It seems like only yesterday (okay, less than two years ago) that I learned about 454 sequencing. It's the new technology that many folks think will replace dye termination Sanger sequencing using capillary arrays (the method used to sequence the human genome and many other genomes). A new technology is coming on the scene which may make 454 obsolete before it ever gets a foot-hold in the market (making it the laser disk of DNA sequencing).
454 sequencing works by copying small stretches of DNA sequence that have been attached to tiny beads. As each nucleotide is added to the growing sequence, light is emitted via a chemical reaction (this approach is known as pyrosequencing). The light is read by a sensor inside the machine and translated into a DNA sequence. Many sequencing reactions can be run in parallel in a single machine, generating millions of nucleotides of data within a couple of hours. The 454 technology is limited in that the individual reads are only 100-200 nucleotides long, which is short compared to Sanger reads that are approaching 1000 bases. Furthermore, pyrosequencing techniques struggle with mononucleotide repeats (stretches of DNA sequence of the same nucleotide, ie, AAAAA or CCCCC).
The newest, hippest, and sexiest sequencing technology comes from Solexa (see here). This approach allows one to generate 1 billion nucleotides of data in a single run (a few orders of magnitude more than 454). As with moving from Sanger to 454, the tradeoffs of moving from 454 to Solexa are mostly in read length. Solexa takes the sequencing in parallel strategy of 454 to a new level, but generates reads of only 25 nucleotides. As read lengths get shorter and shorter, assembly of the sequences into a complete genome becomes more difficult. But the sheer volume of sequence generated by the Solexa technology will force some people to take a closer look -- it can sequence a complete human genome in a single run, albeit at 1x coverage.
The choice of which technology to use depends on the sequencing project one is carrying out. 454 has been shown to be useful for sequencing bacterial genomes de novo, but it's not clear whether it will be practical for the large, more repeat rich genomes found in eukaryotes (although it seems to be a good strategy for sequencing ancient DNA). But short read lengths aren't as big of a problem for resequencing projects -- those that generate sequences from multiple individuals from a species with an already sequenced genome -- because assembly of the reads can be done on the backbone of the previously published genome. The days of de novo genome sequencing with Solexa are far off, but I know of one group who plans to perform a large scale resequencing project using Solexa machines. This new technology may prove to be useful for genotyping individuals at disease associated loci or performing large scale population genetics surveys.

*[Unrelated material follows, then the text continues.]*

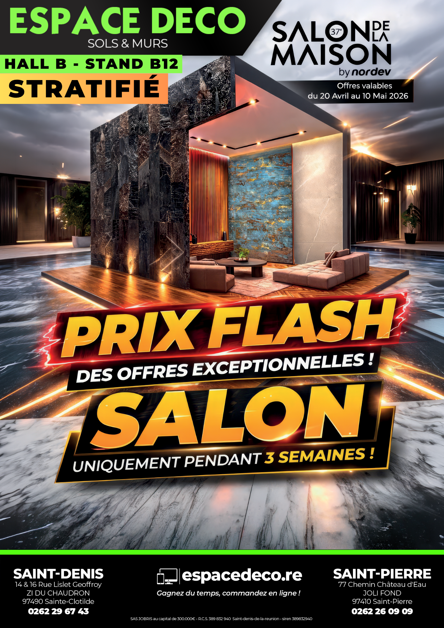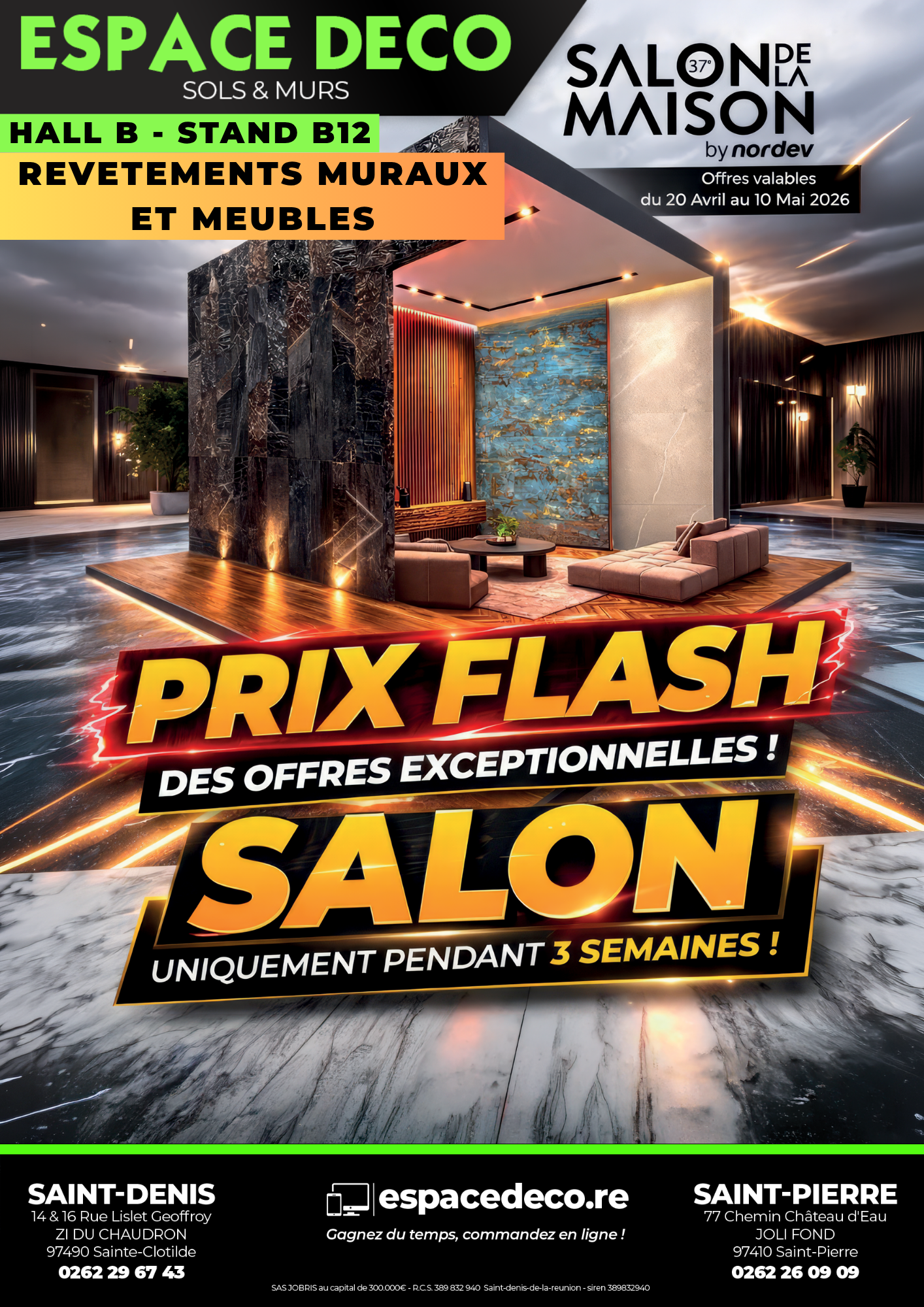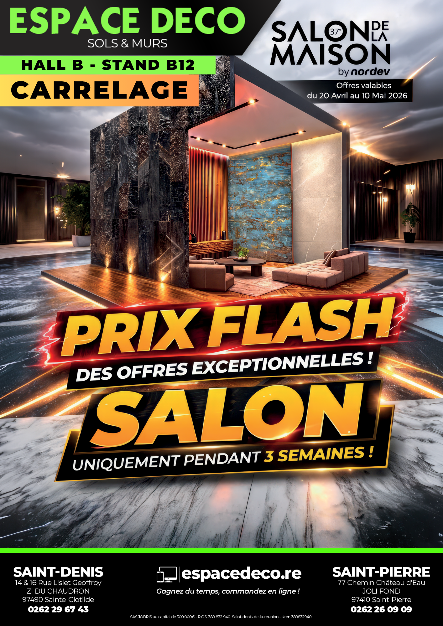 Carrelage à Saint-Pierre : découvrez Espace Déco ZI Joli Fond. 165 références, tendances 2026, paiement 4x sans frais. Le sud de La Réunion vous attend.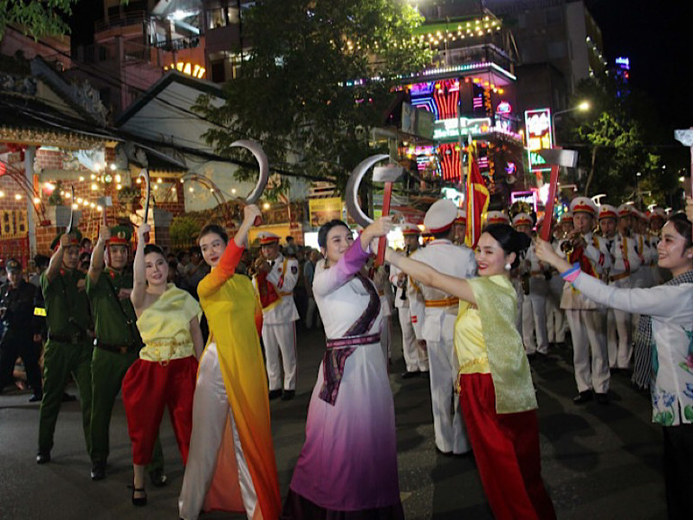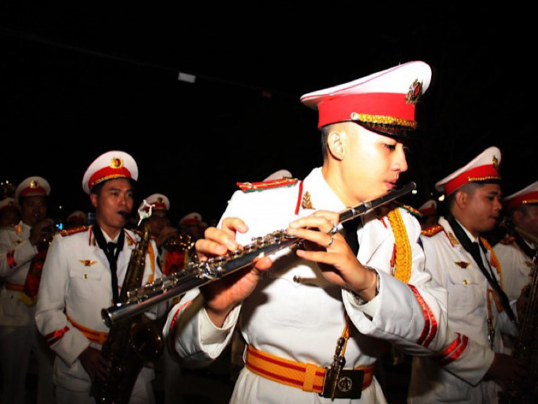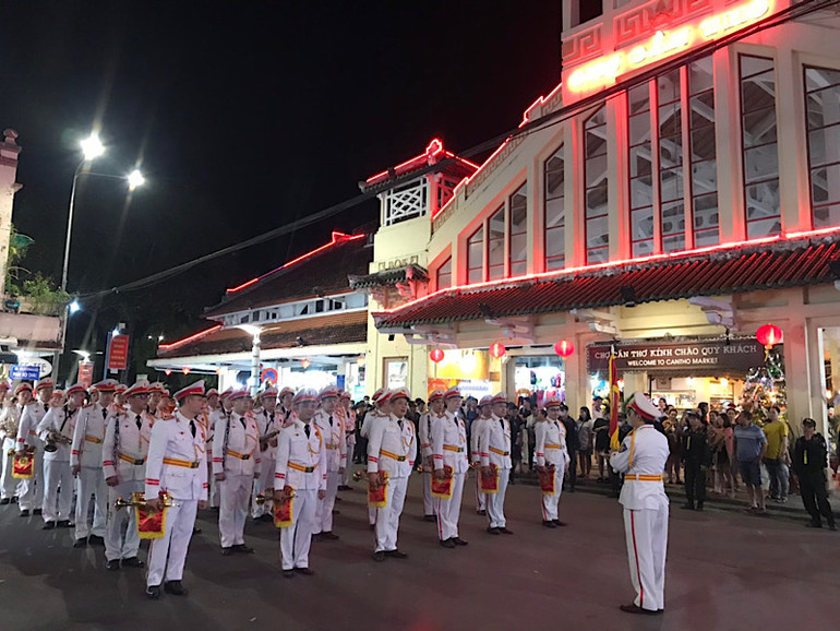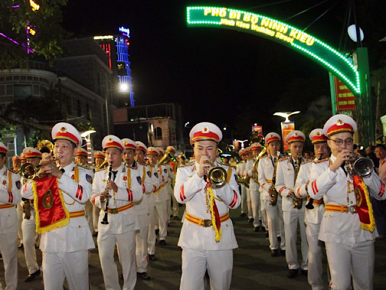Tối 16/12, Đoàn Nghi lễ Công an nhân dân thuộc Bộ Tư lệnh Cảnh sát cơ động đã biểu diễn nhạc kèn, diễu hành tại khu vực phố đi bộ và trước tượng đài Bác Hồ (phố Hai Bà Trưng, quận Ninh Kiều, thành phố Cần Thơ).

I agree with you that 454 won't work well for sequencing repeat-rich areas. Most genome centers, I think, have more than one sequencing instrument and use multiple technologies to address the problem.
In most cases though, once you have a reference genome in hand, it's probably not necessary to struggle through the repeat regions once again. I think 454 will be very, very useful for re-sequencing or for sequencing things like, uh, certain viruses, where people become infected with heterogeneous populations.
The biggest downside, I think, to 454 technology is just all the baggage that goes along with having to set up a clean room and do all your work in one of those funny white suits.
The choice of which technology to use depends on the sequencing project one is carrying out.
You hit the nail on the head there. Instead of seeing one method dominate, I predict that we'll see all of these methods fall into more or less discrete niches once the smoke clears.
doesn't solexa need a lot more coverage than the 454 system for large resequencing? meaning its throughput is more like 250mb in 3 days like for like comparison 600mb on the 454? I also heard storing the solexa computer data is very difficult?
The single run is nice and pretty amazing. For statistical accuracy I have heard the 16 runs are required, this of course various on the process. How is the signal to noise ratio with shorter nucleotides?
You guys know just as much about solexa as I do (and maybe more). Sorry I can't be of much help clarify the quality of reads or the quantity required for meaningful analyses.
Sounds to me as if the information for solexa is confusing I guess most of us wont find out until they are able to publish something. :(
While I agree on most of the comments here, I found the 454 technology the most mature technology compared to Solexa's and other promises like S.O.L.I.D. This let me think that if one technology is supposed to be embrassed by a vast majority of users now, then no doubt 1st choice is 454. Also, we have seen this with the recent upgrade of the GS-20 into the GS-FLX, the technology is ready for frequent upgrades, which will satisfy most of the very high end users.
But those high-end users with gigaBase needs, how many are they on earth compared to us with less than 1 megaBase requirements? How many genome sequencing centers compared to MDx labs with small-genome-resequencing needs? Let's come back to reality!
I which the later could drive this market and that we may have access to this technology in molecular medicine asap, at a reasonable cost.